Even with counters that report status on a percentage of available resources there are still challenges to face. The first challenge is determining when there’s a problem because of a sustained lack of available resources and when it’s a momentary blip on the radar.
The primary consideration in performance monitoring is over what interval of time can you accept performance challenges? What level of performance is acceptable and which is not? Is it important that the CPU have some availability every second? In most cases the answer to that question is no. However, the question becomes more difficult as you ask the question over a one minute interval. Most users tolerate the occasional slow down that is over within a minute. However, hours of performance problems are a different story.
So when evaluating what is a performance problem and what isn’t a performance problem consider how long your users would be willing to accept a slow down and then ignore or temper your response to momentary spikes in whatever counter you’re looking at. Momentary spikes are a normal occurrence and simply mean that the system is pouring all of its resources into fulfilling the requests that the users have made.

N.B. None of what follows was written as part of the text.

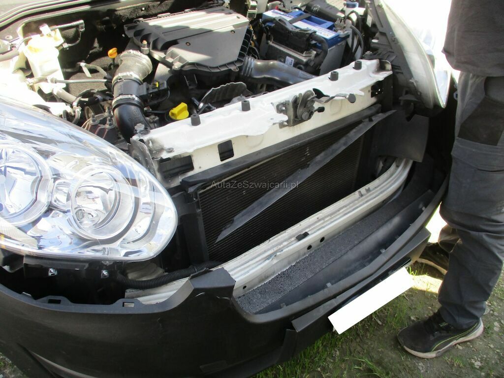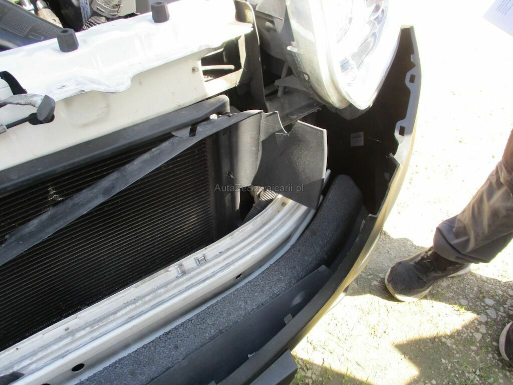 Starker Frontprall; alle Teile am Vorbau sind beschädigt. Stosstange, beide Scheinwerfer, beide Kotflügel, das Kühlergrill und der Schlossträger sind zerstört. Der Klima-und Wasserkühler sind beschädigt. Die Quertraverse ist eingedückt. Di Türe VL wurde beim aufmachen leicht beschädigt.

Performance monitoring on a Windows system requires an understanding of the way that Windows breaks down counters. On a Windows system performance monitoring starts with an object. An object is a broad representation of something, such as memory. This broad topic groups a set of related counters. Each counter is an individual measure in that category. For the memory object, page faults/sec, pages/sec, and committed bytes are all examples of counters. Each counter may measure the object in a different way but all of them relate to the object to which the counter belongs.
For each counter there may be multiple instances. An instance is a copy of the counter for a different part of the system. For instance, if a system has two processors, the counter for % processor time will have three instances; one for each processor and one for a total (or average) between the two processors. In most cases each instance needs to be viewed separately from the others to identify specific areas where problems may occur.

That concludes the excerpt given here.